Trump administration blasts CBO ahead of critical report this week
Trump, White House aides, and Republican allies in Congress are in full-blown sales-pitch mode trying to promote the GOP plan to repeal and replace President Obama’s signature legislative achievement. The new bill is already facing pushback, and not just from Democrats. Democrats have been known to argue with the CBO as well: Obama’s White House challenged the agency’s 2014 assessment that an increase in the minimum wage would reduce jobs.
The meeting, held with a group of Americans who had been hurt by the increasing costs of Obamacare, comes as Trump and Republicans try to build support for the AHCA after early criticisms from across the political spectrum.
Conservative Republicans however say the bill drafted by House leaders is too expensive, and too much like the Democratic bill it aims to replace.
One of the participants in the listening session was Brittany Ivey of Georgia, who said her insurance premiums started at $650 per month in 2009 for her family of four, “but from 2009 to 2015, [it] went up 102%”.
A report by the Commonwealth Fund nonpartisan foundation said the CBO was “reasonably accurate” in its forecast of how Obamacare would impact insurance coverage rates and the costs of providing subsidies to consumers in its first five years.
“Nobody will be worse off financially in the process that we’re going through”, Price said in an interview aired Sunday on NBC’s “Meet the Press”. He said the House Ways and Means and Energy and Commerce Committees should have waited for the CBO score before advancing the legislation last week. “If you’re looking to the CBO for accuracy, you’re looking in the wrong place”, White House spokesman Sean Spicer inveighed. Previous administrations, as well as many lawmakers on both sides of the aisle, consider the CBO as a neutral arbiter. The CBO’s current director, Keith Hall, was appointed by Republicans in 2015. The nonpartisan report will include an estimate of the law’s cost and statistics on how many Americans will lose coverage under the new plan.
Republicans have pushed back on those charges, but they released their bill only after restricting access to it, and roughly 40 hours before their markups started, and before there was a CBO score.

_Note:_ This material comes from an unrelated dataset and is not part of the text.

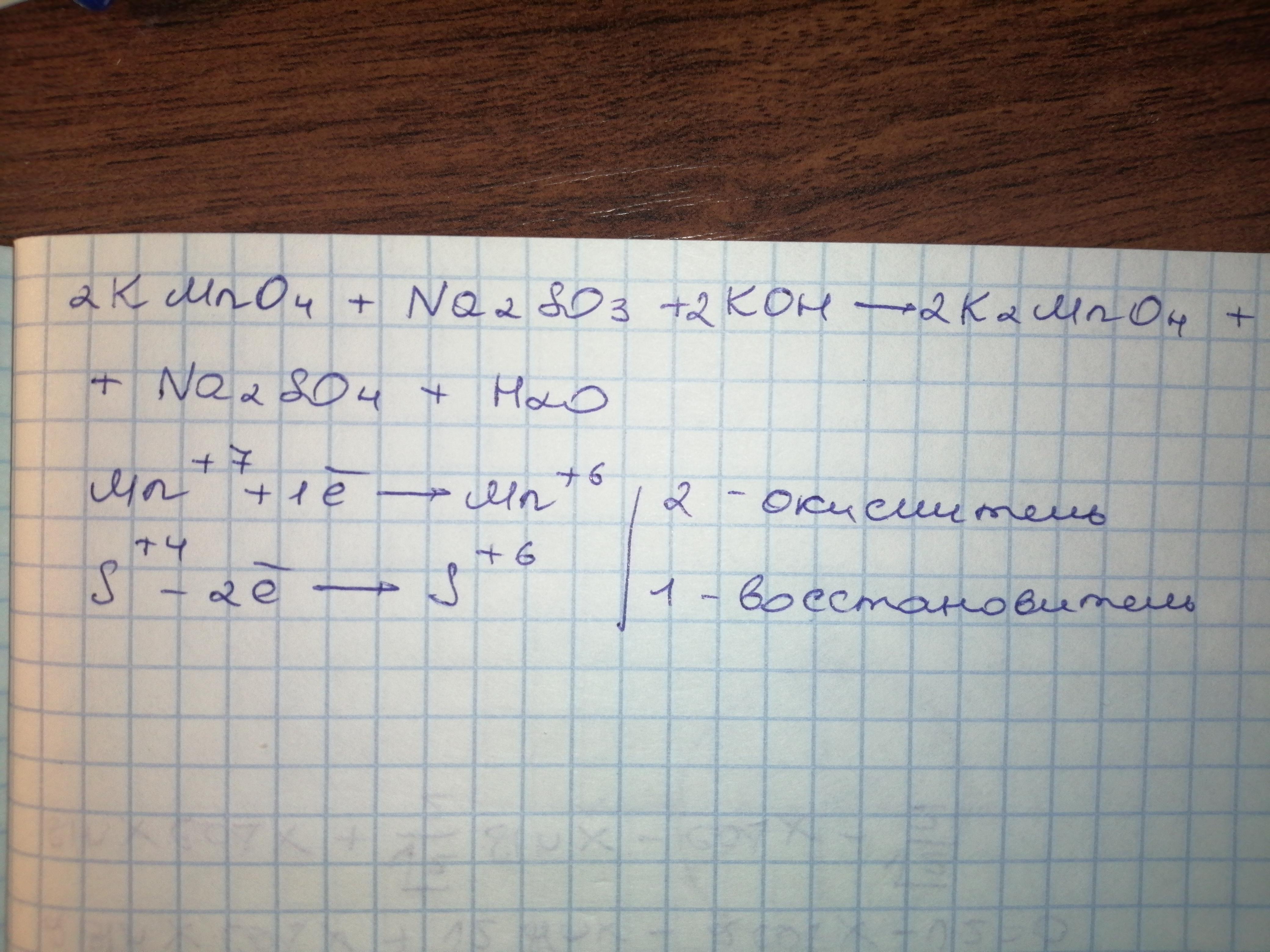 Для выполнения задания используйте следующий перечень веществ: перманганат калия, гидрокарбонат калия, сульфит натрия, сульфат бария, гидроксид калия. Допустимо использование водных растворов веществ. Из предложенного перечня веществ выберите вещества, между которыми возможна окислительно -восстановительная реакция, и запишите уравнение этой реакции. Составьте электронный баланс, укажите окислитель и восстановитель.

In recent weeks, Trump administration officials and Republican lawmakers have criticized what they said were overly optimistic estimates from the CBO of the number of Americans who would sign up for health insurance on government-run exchanges. Price on Sunday rejected one estimate of 15 million people losing coverage. He said people will have choices as they select the kind of coverage they want as opposed to what the government forces them to buy.
House Speaker Paul Ryan said he fully expects the CBO analysis to find less coverage since the GOP plan eliminates the government requirement to be insured. House conservatives vowed to block the bill as “Obamacare Lite” unless there are more restrictions, even as a Republican, Sen. They claim the plan will provide Americans with better coverage, even though several organisations have predicted that many people, especially supporters of Mr Trump, are likely to suffer.